→ **Try it**: Go to the line containing "The place is" below; retype it and all following lines exactly, and leave out the pictures.

→ **Dataset records**:
>>>
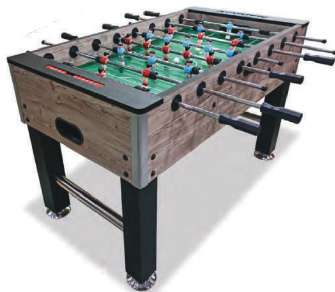
KPITGD 5 FEET DELUXE SOCCER TABLE (TEAK FINISH) L 142 X B 80 X H 17 CM
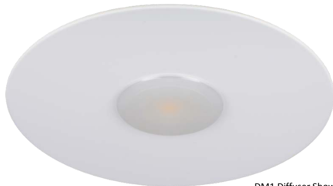
DM1 Diffuser Shown
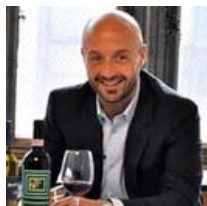
Tarry Lodge Reconsiders Chianti
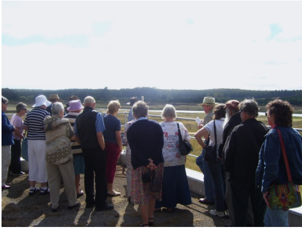
Our Bus Trippers At The Moorabool Reservoir

The place is available for hire and enquiries can be made to 5334-0292. Of course, the jewel in the crown, the reservoir, has held much larger amounts of water than at present but still made a big impression on us all. Many thanks to the Friends of Moorabool for their time and hospitality.
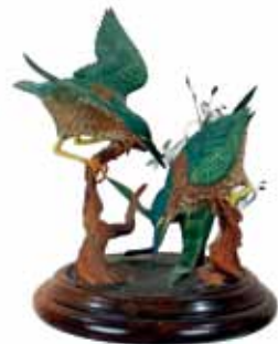
467 Nightheron by Bernice Culver
<<<
→ **The answer**:
The place is available for hire and enquiries can be made to 5334-0292. Of course, the jewel in the crown, the reservoir, has held much larger amounts of water than at present but still made a big impression on us all. Many thanks to the Friends of Moorabool for their time and hospitality.
467 Nightheron by Bernice Culver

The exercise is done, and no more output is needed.